There was an American actor and comic named Victor Buono. He played the comic villain King Tut in the 1960s television show Batman. Look him up on the Internet. I hardly remember Jarvis’s King Tut performance, as I was only six myself, but for the sake of this anecdote I’m going to pretend that I remember the six-year-old Jarvis Ham’s King Tut being a lot more like that thirty-year-old plump and slightly camp actor’s version of King Tut than the ancient Egyptian boy child royalty that Jarvis was attempting to portray. I do remember that Jarvis had a beard that his mother had made from the inside tube of a toilet roll; it was covered in black and gold sticky paper and glued to his chin. His mother had also made the rest of his costume. She’d cut the top off a gold cocktail dress and made a headdress out of a tea towel that was held in place with a hair band wrapped in silver foil on top of her son’s royal balloon head.

The rest of the class, including me, carried Jarvis into the dinner hall on a golden throne: made from the headmaster’s office chair, covered in gold paper and decorated with hieroglyphics. It weighed a fucking ton.

It was not very brilliant.

After the performance was over our teacher congratulated us all for doing so well and she gave Jarvis a bag of Jelly Tots for his starring role. As we waited for our parents to pick us up and take us home Jarvis told me to hold my hand out and he poured six of the sugar covered jelly sweets into it.

My management commission.

Mister Twenty Per Cent.

The rest of the scrapbook was blank. What a waste of a good scrapbook. I suppose Jarvis might have started out with good scrapbook keeping intentions and then maybe he ran out of glue, or he lost his scissors. Or was this the beginning and end of the diary of Jarvis Ham? Just these two brief entries about the ancient Egyptian monarchy? Why couldn’t I have been sat next to sweet freckle-faced Suzie Barnado? I could have been reading her diary. I bet Suzie had some filthy secrets.

Then I found this shoebox:

I climbed into the car, adjusted the rear-view mirror and looked at Jarvis fast asleep in the back; his face squashed against the window and the start of a dribble slowly chasing a raindrop down the glass. Not really, it wasn’t raining, I’m just trying to insert a bit of poetry into the story.

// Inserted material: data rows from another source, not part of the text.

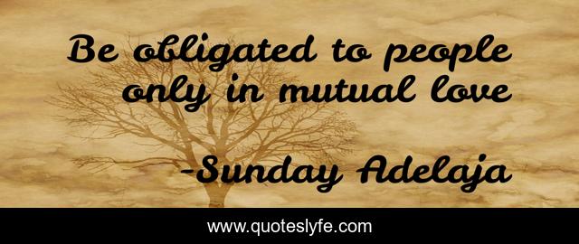 This page presents the quote "Be obligated to people only in mutual love". Author of this quote is Sunday Adelaja. This quote is about kingdom, life, love, destiny, serving-god, people, money, god, work,.
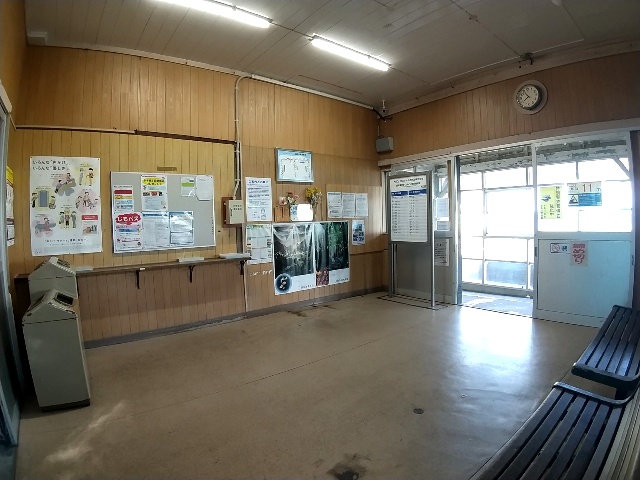同駅も元は有人駅だったと思われますが、窓口の類が板で塞がれた
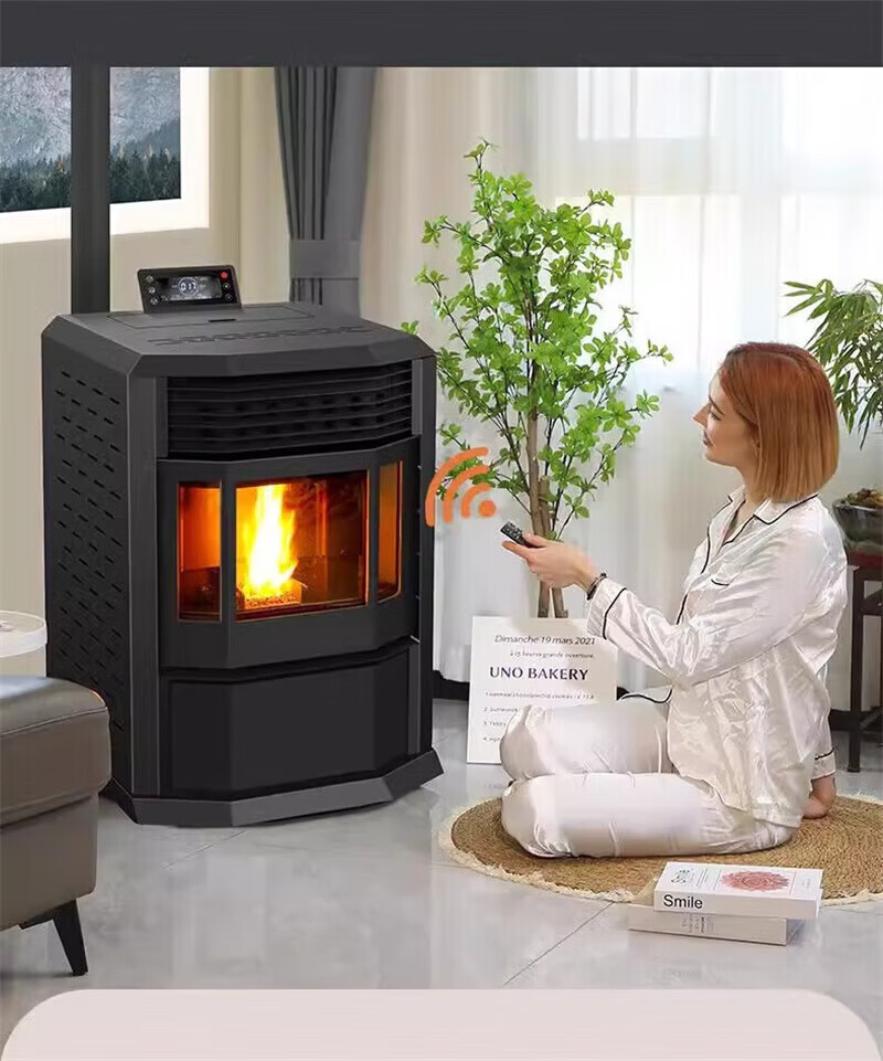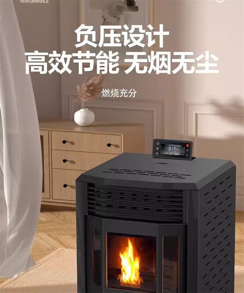 能师傅新款欧式生物颗粒取暖炉商用全自动环保燃料取暖炉室内无烟颗粒炉 3m 不锈钢烟管
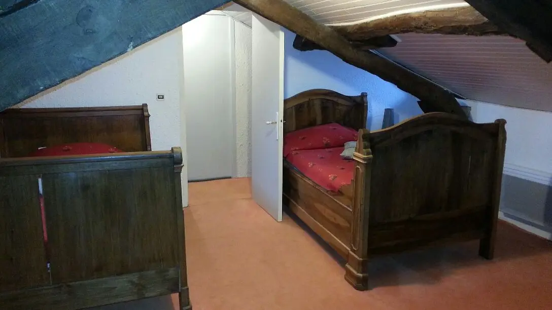 Dans un hameau, gîte indépendant. Au rdc : séjour (cheminée, 1 canapé, 2 fauteuils) avec coin-cuisine (éléments intégrés, MO, LV, LL), 1 ch (1 lit 140), 1 ch (1 lit 90), salle d'eau, wc. A l'étage 1 ch mansardée (2x120). Jardin privé clos (500 m2), barbecue, salon de jardin, 5 relax de jardin. Chauffage électrique.
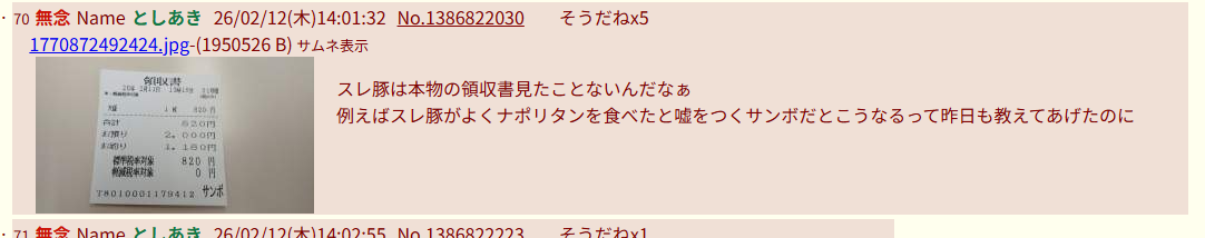 | … | 27無念Nameとしあき26/02/12(木)13:53:08No.1386820691そうだねx11レシート見たこと無いんかなスレ豚君 |
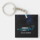 A modern unique and elegant blue and white stethoscope in a Heartbeat shape, Custom Graduation Name Year class of a 2023 graduate. Classy custom high school or college graduation Keychain for the graduate student. Personalize with your graduating year class, graduating child's name, and school under the black grad cap. Elegant gold typography for a parent.
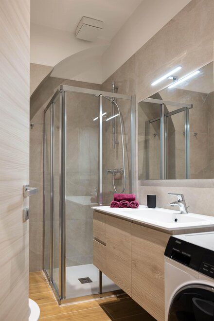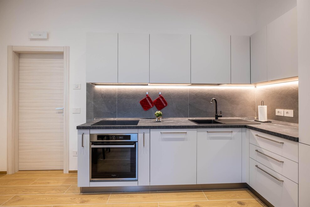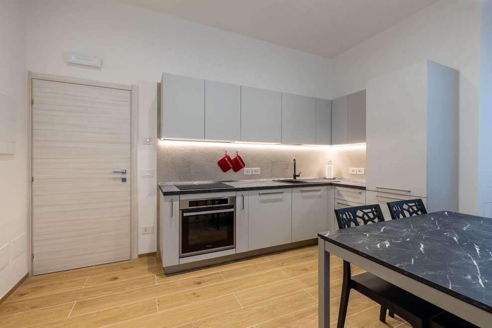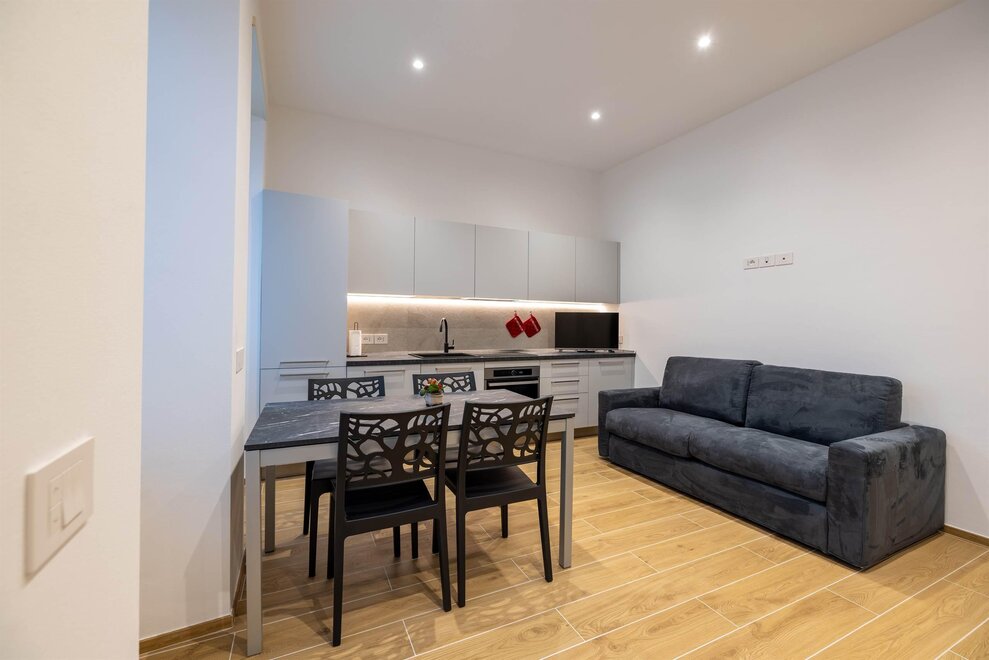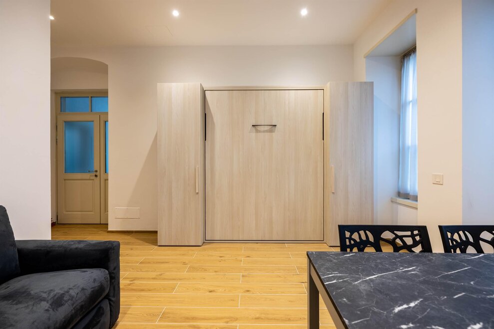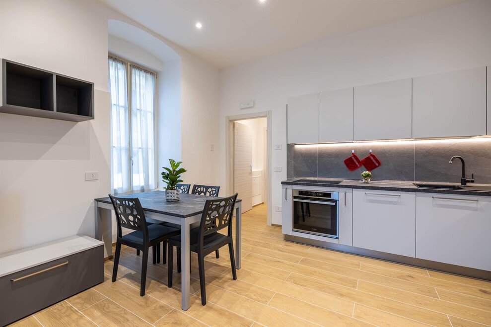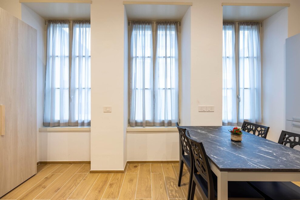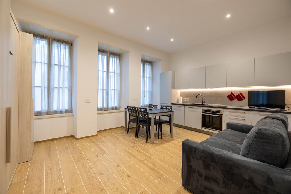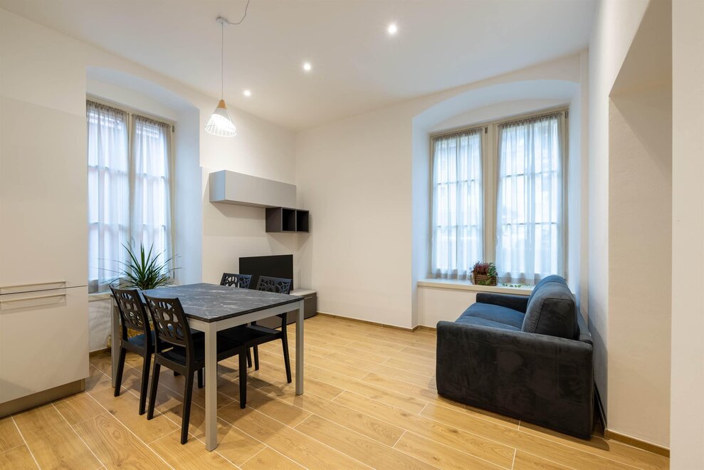 The other three apartments, “Moretta” (which depending on needs can offer additional accommodation with an independent entrance for two people in the dependance “Moiepiane”) and “Zeller”, are all located on the ground floor in a historical Liberty-style building from the 1900s. They have retained large windows and the spaciousness of the rooms after complete renovation. Comprised of a spacious living room with a two-seater sofa bed and kitchen, a double bedroom, and a bathroom. Full kitchen with washer-dryer in the bathroom. Reserved outdoor parking space. For the "Moretta" apartment, there is a large garden shared with the "Chiara" apartment.
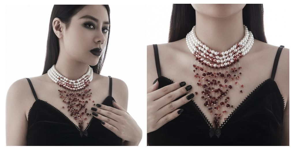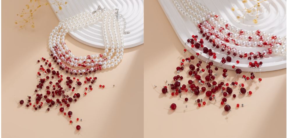 قلادة لؤلؤ على شكل قطرة دم للسيدات

God knows it’s going to need it. He had the seatbelt pulled across his body but not fastened. He said it made him feel sick when it was fastened.

There was a new smell in the car. I think you’d call it funky, funkier than James Brown. I turned my head to look. Jarvis had taken his shoes off. They were on the back seat next to his big fat plum apron.

These shoes:

I thought about the shoebox and what I’d found inside it. There were some other newspaper cuttings. There were notepads and loose pieces of paper, stuff written on the backs of flyers and takeaway menus. I found a couple of photographs and some drawings, cinema tickets and hairdressing appointment cards and even one or two actual proper diaries. The shoebox was inside this huge old brown leather suitcase:

The suitcase had once been owned by an incredibly famous stage actor that I’d never heard of. Jarvis’s father had bought it at an auction for his son’s eighteenth birthday. It was covered in stickers of places in the world the actor had visited and the plays and musicals he’d appeared in while he was there.

In the suitcase with the shoebox there were two videocassettes, an Oscar statue, more notepads and books and various other bits of crap. It’s this collection of junk that I’m calling Jarvis Ham’s diary. It’s more of a boot sale than a diary. A boot sale that Jarvis had been secretly keeping and I’d been secretly reading.